Of the lines listed below, return exactly those that run from the line containing "Tontille on hahmoteltu" through the line containing "Los datos preliminares", both included.

***** Raw data *****

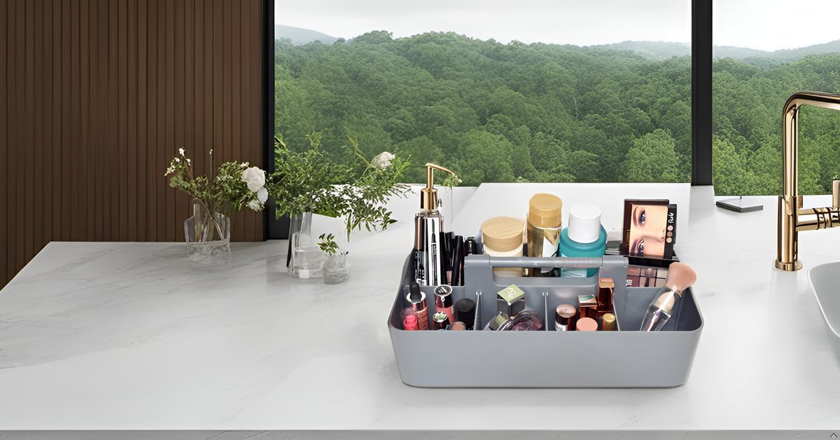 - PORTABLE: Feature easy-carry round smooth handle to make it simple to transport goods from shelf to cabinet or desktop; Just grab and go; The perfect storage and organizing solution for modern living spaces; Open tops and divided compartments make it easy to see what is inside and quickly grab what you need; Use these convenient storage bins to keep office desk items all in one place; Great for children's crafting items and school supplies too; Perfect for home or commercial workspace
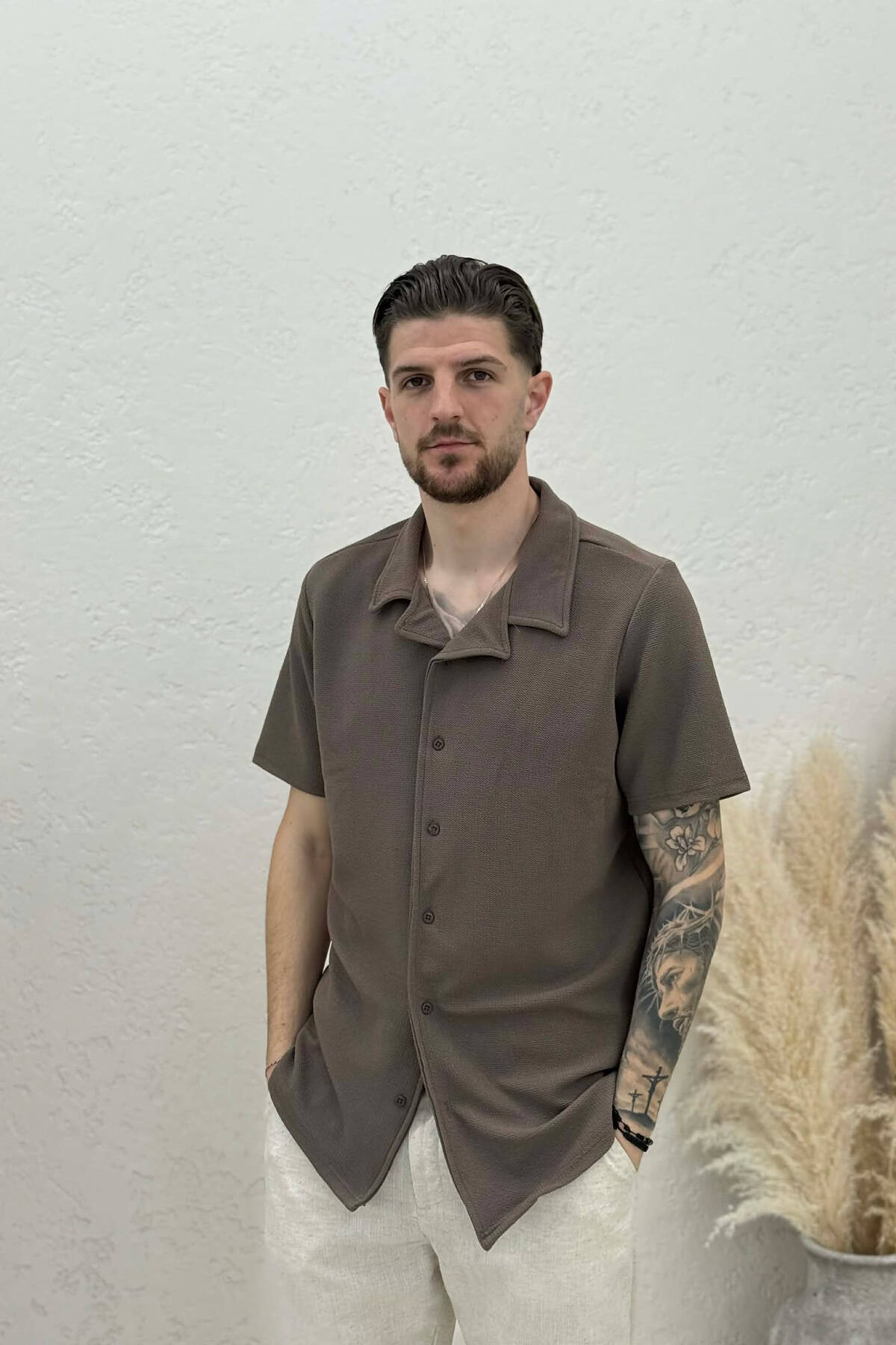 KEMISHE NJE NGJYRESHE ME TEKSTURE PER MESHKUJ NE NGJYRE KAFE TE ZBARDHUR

*****
***** Raw data *****

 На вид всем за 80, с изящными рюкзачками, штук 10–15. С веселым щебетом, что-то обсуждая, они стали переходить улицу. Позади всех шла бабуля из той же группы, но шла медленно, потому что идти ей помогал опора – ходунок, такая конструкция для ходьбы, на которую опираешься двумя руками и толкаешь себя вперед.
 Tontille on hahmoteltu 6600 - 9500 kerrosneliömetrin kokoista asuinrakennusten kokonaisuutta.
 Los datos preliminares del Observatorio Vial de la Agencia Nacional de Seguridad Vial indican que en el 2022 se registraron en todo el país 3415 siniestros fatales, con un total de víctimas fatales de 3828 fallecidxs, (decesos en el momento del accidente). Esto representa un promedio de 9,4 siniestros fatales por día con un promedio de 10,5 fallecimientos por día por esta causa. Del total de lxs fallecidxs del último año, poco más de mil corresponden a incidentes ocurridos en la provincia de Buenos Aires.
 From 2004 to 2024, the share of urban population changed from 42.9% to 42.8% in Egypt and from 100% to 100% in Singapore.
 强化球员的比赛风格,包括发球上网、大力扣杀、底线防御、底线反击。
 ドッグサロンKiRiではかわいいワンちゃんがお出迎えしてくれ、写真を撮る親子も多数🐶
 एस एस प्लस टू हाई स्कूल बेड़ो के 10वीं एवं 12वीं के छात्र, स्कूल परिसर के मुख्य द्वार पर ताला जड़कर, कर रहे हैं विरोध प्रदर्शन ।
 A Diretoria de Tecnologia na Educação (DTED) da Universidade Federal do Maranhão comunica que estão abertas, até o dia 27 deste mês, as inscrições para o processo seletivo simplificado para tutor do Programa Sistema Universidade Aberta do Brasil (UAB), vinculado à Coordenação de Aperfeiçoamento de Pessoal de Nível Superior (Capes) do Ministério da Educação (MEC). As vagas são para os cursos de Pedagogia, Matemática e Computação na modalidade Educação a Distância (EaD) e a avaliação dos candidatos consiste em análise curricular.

*****
***** Raw data *****

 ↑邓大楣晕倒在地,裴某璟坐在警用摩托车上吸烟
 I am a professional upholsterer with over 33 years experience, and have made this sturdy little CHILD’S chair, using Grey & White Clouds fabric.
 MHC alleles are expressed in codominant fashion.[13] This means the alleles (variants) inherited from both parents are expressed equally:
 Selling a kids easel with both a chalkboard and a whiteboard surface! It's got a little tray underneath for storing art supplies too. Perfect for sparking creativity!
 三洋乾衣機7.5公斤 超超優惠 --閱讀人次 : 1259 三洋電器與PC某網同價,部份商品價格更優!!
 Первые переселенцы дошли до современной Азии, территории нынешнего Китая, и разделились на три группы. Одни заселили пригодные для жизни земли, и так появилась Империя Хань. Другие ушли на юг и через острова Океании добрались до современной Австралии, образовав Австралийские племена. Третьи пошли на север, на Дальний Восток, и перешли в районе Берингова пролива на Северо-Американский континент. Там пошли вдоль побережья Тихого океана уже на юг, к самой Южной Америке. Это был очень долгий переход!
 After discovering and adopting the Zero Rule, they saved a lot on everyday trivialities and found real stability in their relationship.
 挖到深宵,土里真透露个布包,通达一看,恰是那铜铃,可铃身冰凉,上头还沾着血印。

*****

> **Completed task**:
 Tontille on hahmoteltu 6600 - 9500 kerrosneliömetrin kokoista asuinrakennusten kokonaisuutta.
 Los datos preliminares del Observatorio Vial de la Agencia Nacional de Seguridad Vial indican que en el 2022 se registraron en todo el país 3415 siniestros fatales, con un total de víctimas fatales de 3828 fallecidxs, (decesos en el momento del accidente). Esto representa un promedio de 9,4 siniestros fatales por día con un promedio de 10,5 fallecimientos por día por esta causa. Del total de lxs fallecidxs del último año, poco más de mil corresponden a incidentes ocurridos en la provincia de Buenos Aires.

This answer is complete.